PROBLEM TO WORK ON. In the answer, transcribe exactly the lines from the beginning of the material through the line holding "Wrap yourself in", and skip every picture.

GIVEN MATERIAL.
▼▼▼
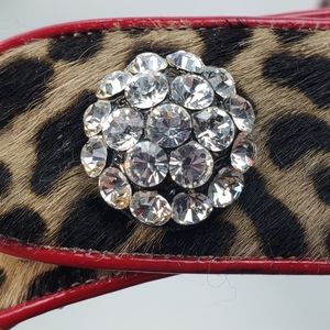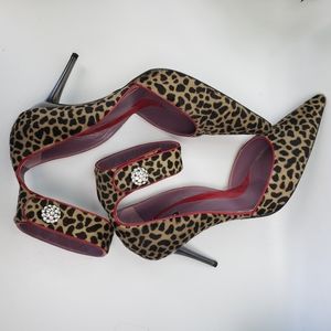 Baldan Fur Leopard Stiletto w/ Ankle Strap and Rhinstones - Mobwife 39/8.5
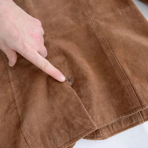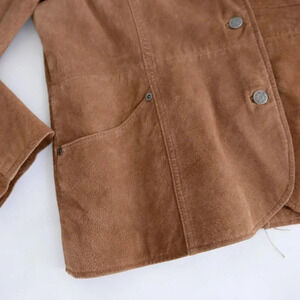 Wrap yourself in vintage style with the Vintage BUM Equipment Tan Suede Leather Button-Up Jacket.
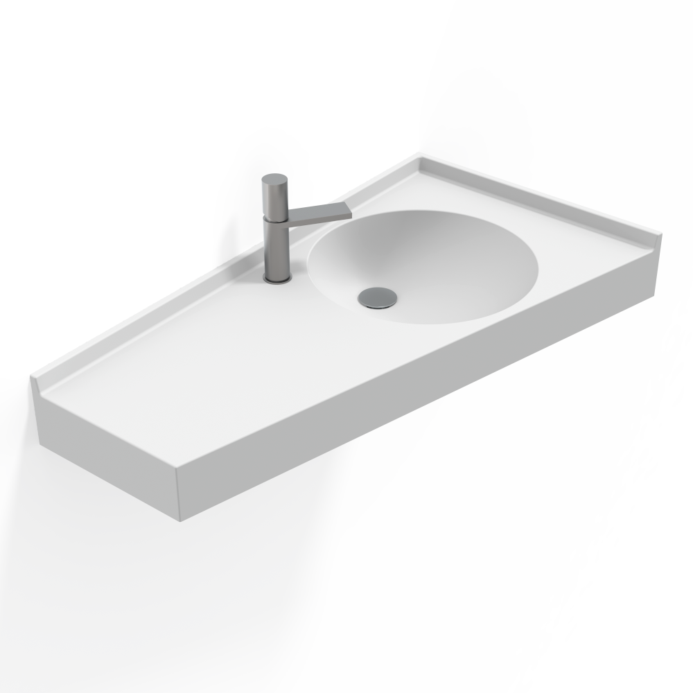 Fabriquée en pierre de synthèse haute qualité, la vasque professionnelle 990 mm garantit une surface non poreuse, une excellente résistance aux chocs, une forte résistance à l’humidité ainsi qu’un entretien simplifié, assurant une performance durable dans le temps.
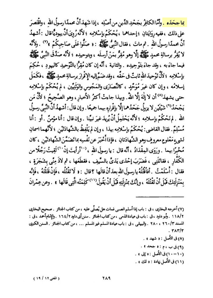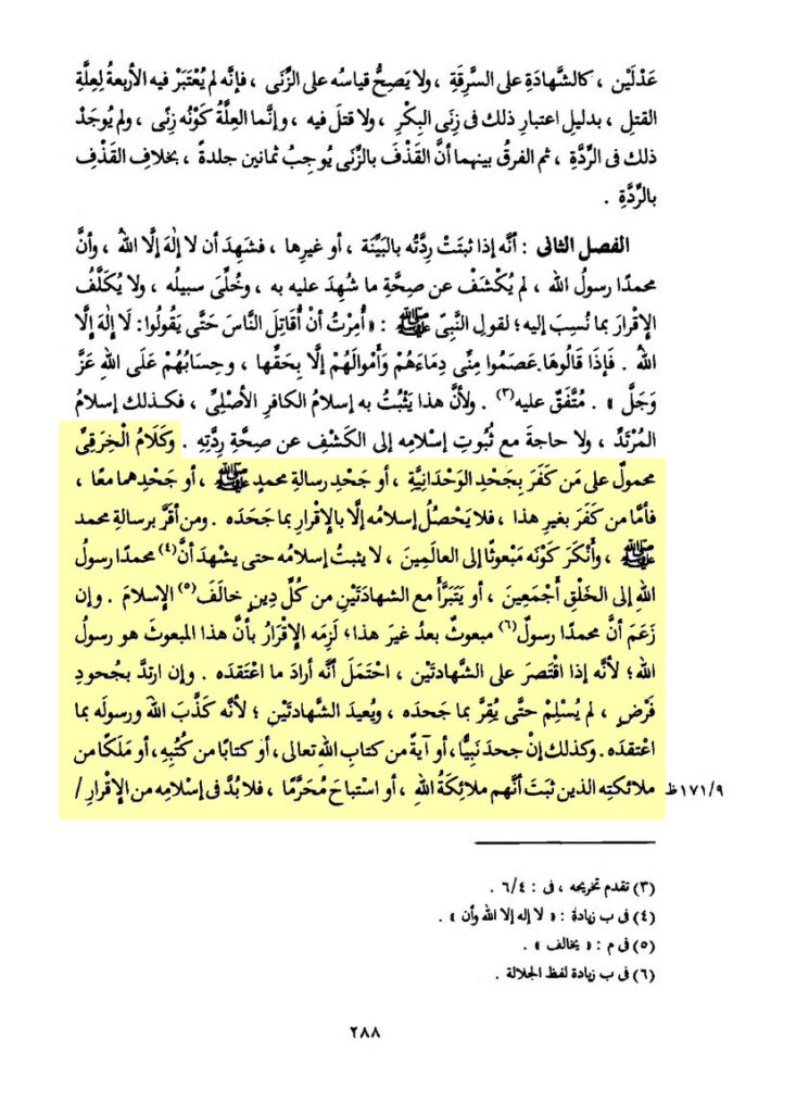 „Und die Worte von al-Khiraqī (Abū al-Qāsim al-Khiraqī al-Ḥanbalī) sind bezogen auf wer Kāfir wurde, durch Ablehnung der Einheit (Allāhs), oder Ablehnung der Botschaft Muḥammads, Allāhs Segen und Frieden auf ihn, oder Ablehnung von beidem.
▲▲▲
TASK RESPONSE.
 Baldan Fur Leopard Stiletto w/ Ankle Strap and Rhinstones - Mobwife 39/8.5
 Wrap yourself in vintage style with the Vintage BUM Equipment Tan Suede Leather Button-Up Jacket.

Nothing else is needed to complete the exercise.